Le dramaturge, comédien et chroniqueur Thierry Rocher nous propose un roman émouvant, parfois bouleversant dans lequel un humoriste doit faire face à la mort de sa femme et sa fille unique, tuées dans un attentat.
Fidèle téléspectateur de La Revue de presse sur Paris première et admirateur inconditionnel de Thierry Rocher, j’avais hâte de découvrir ce roman, je l’ai lu avec beaucoup de plaisir. C’est l’horrible histoire d’un comique, tout comme l’auteur, dont l’épouse et la fille unique ont été les victimes d’une tuerie sauvage comme celle du Bataclan. Après une courte période de deuil bien sombre, Pierre Chalet, le comique en question, décide de remonter sur la scène. La vie continue et il faut bien occuper le temps qu’elle nous concède encore. Il lui faut aussi rompre le cercle de la solitude qui l’enserre, il n’a plus de famille dans la capitale, ses parents et ceux de son épouse habitent la province. Seule la sœur de sa femme, Sophie, réside à Paris, elle le soutient de toute son affection en espérant se rapprocher de lui afin d’unir leur solitude respective.

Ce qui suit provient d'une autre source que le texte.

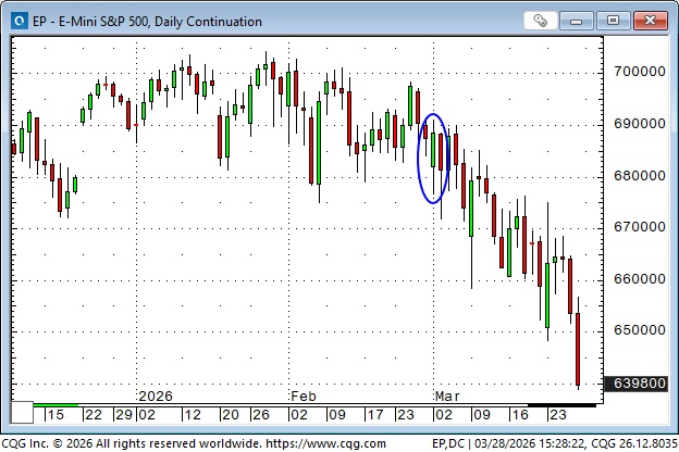 S&P futures reached a record high of ~7,000 in January and early February, and closed at ~6,900 on February 27. The market opened lower on March 2, but closed higher on the day (blue ellipse), perhaps thinking that the war would be over quickly. Friday’s close at ~6,400 is down ~8.5% from the January highs, and was the lowest weekly close since July 2025.
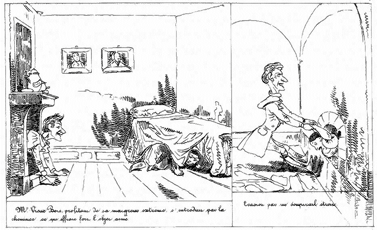 | Tout à coup, Mr. Vieux-Bois a l'ivresse d'apercevoir l'objet aimé à une croisée, de l'autre côté de la rue. | S'étant livré à un saut de joie bien excusable, Mr. Vieux-Bois enfonce la toiture et disparaît. |
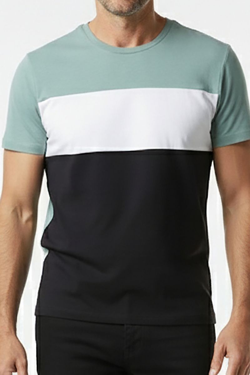 Descubra a Camiseta Masculina Color Block Caedu, a roupa perfeita para o seu dia a dia. Feita em 100% algodão, oferece estilo e conforto incomparáveis. Seu design moderno em verde menta, branco e preto é a moda que você busca com bom preço.

Comme le clown triste, Pierre Chalet ravit ses admirateurs quand il monte sur les planches mais broie beaucoup de noir quand il se retrouve seul chez lui ou dans les rues et restaurants qu’il fréquente. Il n’arrive pas à accomplir son deuils et sa souffrance ne fait que croître de jour en jour, pour essayer de la calmer, il collectionne les articles de presse relatant ou commentant l’assassinat de ces deux êtres les plus chers et ceux des islamistes radicalisés cités comme comparses possibles au cours de cette tuerie.

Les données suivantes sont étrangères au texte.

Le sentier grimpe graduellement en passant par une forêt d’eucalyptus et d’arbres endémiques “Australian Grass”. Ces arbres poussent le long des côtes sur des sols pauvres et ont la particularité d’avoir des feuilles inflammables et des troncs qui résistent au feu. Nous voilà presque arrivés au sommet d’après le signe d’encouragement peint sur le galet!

Un soir, il donne une représentation en compagnie d’une jeune humoriste très prometteuse qu’il rencontre à l’occasion des réglages du spectacle. Elle l’admire, il est ébloui, mais il ne peut pas l’aimer, elle l’a compris, elle appartient à la communauté de ceux qui ont détruit les siens. Il sait qu’il est injuste, il sait qu’un jour il l’aimera, ils se rencontrent le plus souvent possible, ils sont fusionnels. Mais les assassinats de jeunes radicalisés se multiplient comme si un règlement de compte généralisé était en cours. Elle craint la montée en puissance des violences raciales.

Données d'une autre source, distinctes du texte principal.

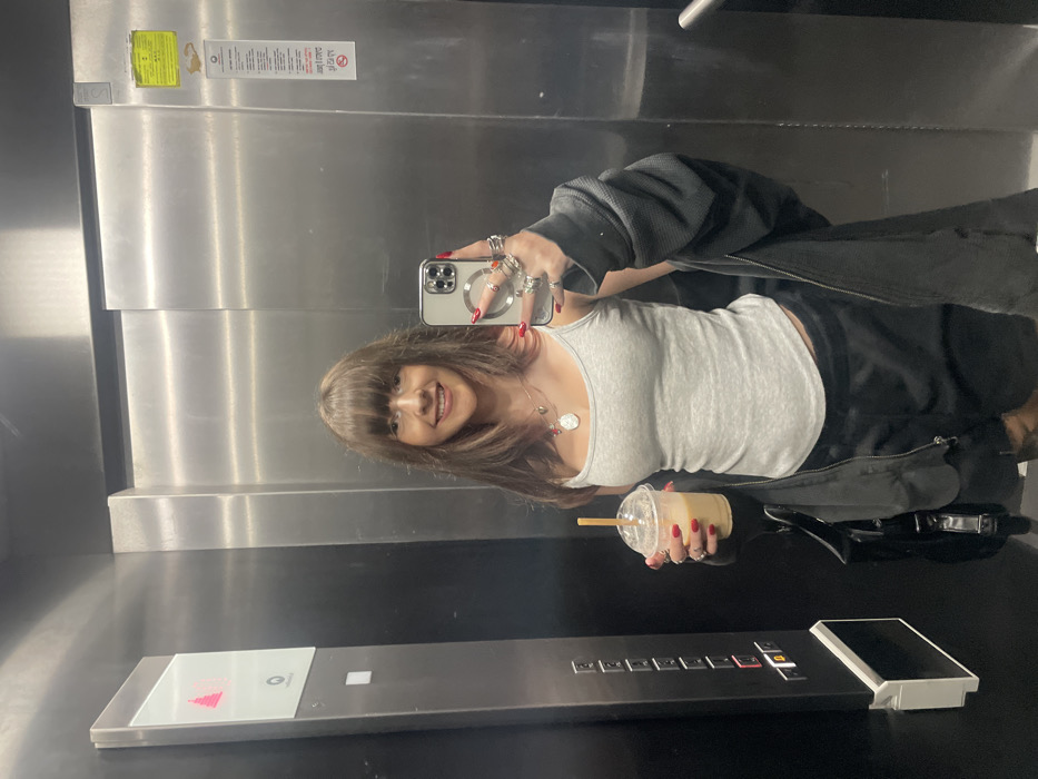 A young adult female is visible in a mirror selfie taken inside a modern elevator with brushed stainless steel walls

Entre amour et vengeance, l’humoriste se maintient en équilibre entre résilience et pardon d’une part et rage et violence vengeresse de l’autre. Il incarne ce dilemme en invoquant sur scène l’apaisement et le pardon et en cultivant, en privé, la douleur qui le ronge et le pousse à souhaiter la punition de tous ceux qui seraient impliqués dans l’horrible massacre. Mais, peut-être que l’amour lui indiquera un autre chemin vers une autre passion…
Cette histoire, c’est l’éternel débat entre le bien et le mal, la réflexion cérébrale et les pulsions reptiliennes, arbitré par les raisons, pas toujours raisonnables, du cœur sur fond de description de la carrière d’un saltimbanque adulé qui se lasse des attentions et de la compassion de ses admirateurs jusqu’à ce qu’une artiste plus jeune que lui vienne réveiller ses hormones en berne. J’ai aimé ce texte émouvant, parfois bouleversant, plein d’empathie, j’ai une vraie admiration pour le chansonnier atypique qui se cache derrière l’auteur. On ne peut pas ne pas apprécier un homme qui aime la bonne chair, le Saint Véran, les vins de Loire… et qui fréquente avec plaisir cette brasserie de la rue du Commerce à Paris qui a conservé le charme des belles brasseries parisiennes hélas en voie de disparition, que je fréquente, moi aussi, avec gourmandise quand je passe par la capitale.
Et pour terminer sur un clin d’œil, notez bien les maximes qui concluent chaque chapitre, elles sont dignes des pensées du célèbre philosophe chinois, Qi Shi Tsu, inventé par Thierry Rocher pour illuminer ses chroniques télévisuelles.